Rich’s other Senate co-sponsor withdrew after committing to the bill. Today she goes into Judiciary alone.
“At the time when I said I’d try it in the Senate, I had bipartisan support,” Rich said. “And then of course my co-prime bailed and then all of a sudden everybody was saying no. I’ll be in Judiciary by myself this afternoon.”
An unlikely partnership
In the House, the dynamic looks nothing like that.
Bradley and English shouldn’t be close. Bradley and English are usually on opposite sides of the vote.
“I told her we’re not supposed to be friends,” Bradley said. “She said, how do you know that?”
The bill is where the differences stopped. “There’s not a lot we vote the same on, but when it comes to kids, she just has such a passion for protecting them. There’s no other thing that should be more bipartisan than protecting babies from getting sexually assaulted by adults,” Bradley said.
English raised five kids. “I have 11 grandchildren and one on the way,” English said. “And shame on you if you violate any one of them. The police should get to them before I get to them.”
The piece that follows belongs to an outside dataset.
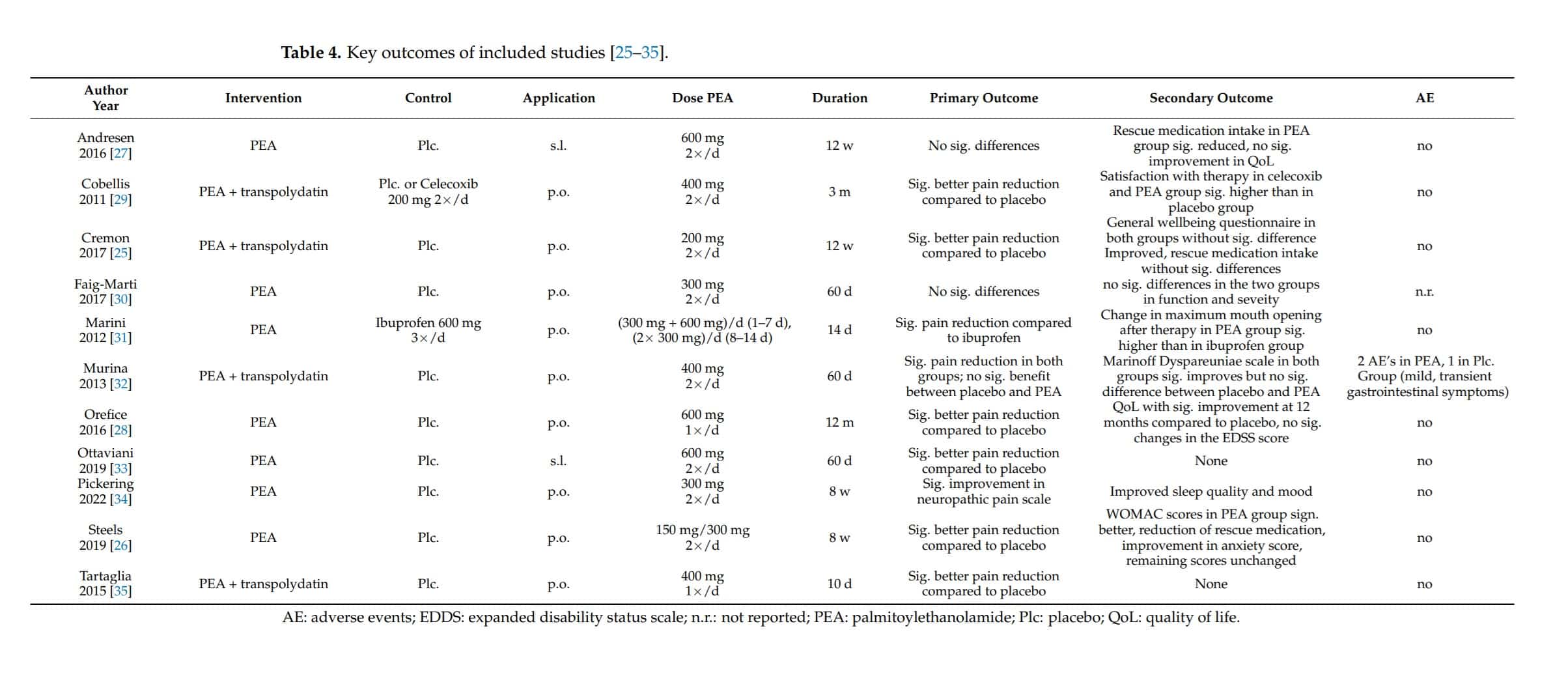 Einige methodische Unterschiede (z. B. Mikronisierung des Wirkstoffs, Dosierung und Behandlungsdauer) erschweren direkte Vergleiche. In zwei Studien war PEA nicht wirksam, was möglicherweise mit zu niedriger Dosierung oder methodischen Schwächen zusammenhängt. Dennoch blieb in der Gesamtschau der Nutzen von PEA klar erkennbar.

She doesn’t soften her case. “Taking probation off the table is not a lot to ask, especially for this particular crime,” English said. “They have just served a child a lifetime sentence for violating them in a way where they can’t protect themselves. Shame on us for not protecting them if this bill doesn’t pass.”
What it would cost
The fiscal note puts the bill’s cost at $3.5 million per year starting in FY 2027-28—about 56 additional offenders per year going to prison instead of probation. Opponents have leaned on that number. Bradley has heard it.
“We just spent 104 million on pregnant people on Medicaid,” she said, pointing to the Cover All Coloradans program that ballooned to more than six times its projected cost. “We pay for men to look like women through taxpayer funds. We have the money. Put these child rapists in jail. Stop gaslighting the people of Colorado.”
Rich framed it in moral terms, pointing to a line she said captures the imbalance. “Mercy is to the guilty, but cruelty to the innocent,” she said. “A child is going to live with this for the rest of their lives. They’ll never be the same.”
The next test
She heads into Senate Judiciary today without Democratic support. Rich is going in without Democratic Senate support, up against the same committee dynamics that ended the bill before.
Bradley thinks if this bill ever reached the full House floor, it would pass. It has never gotten there.
“It’s these Democrats in charge of Judiciary that are the gatekeepers of getting this out,” she said. “The governor can sue Trump 50 times but he can’t make his way down here to protect the children of Colorado.”
English has been through this before. “This is one crime that we don’t need to be politicking about,” she said. “We need to send a strong message not only to the perpetrators, but the kids of Colorado — that we see them and we hear them.”
“If it fails, nothing changes,” Rich said. “The perpetrators still walk. The children still suffer. But if it passes, we’re giving these kids hope that we care about them and that we see them and they matter.”
“People have got to get off their couches and testify,” Bradley said. “They can come in person, testify remotely or send emails. Everyone knows somebody who’s been victimized. Those are the people we’re fighting for.”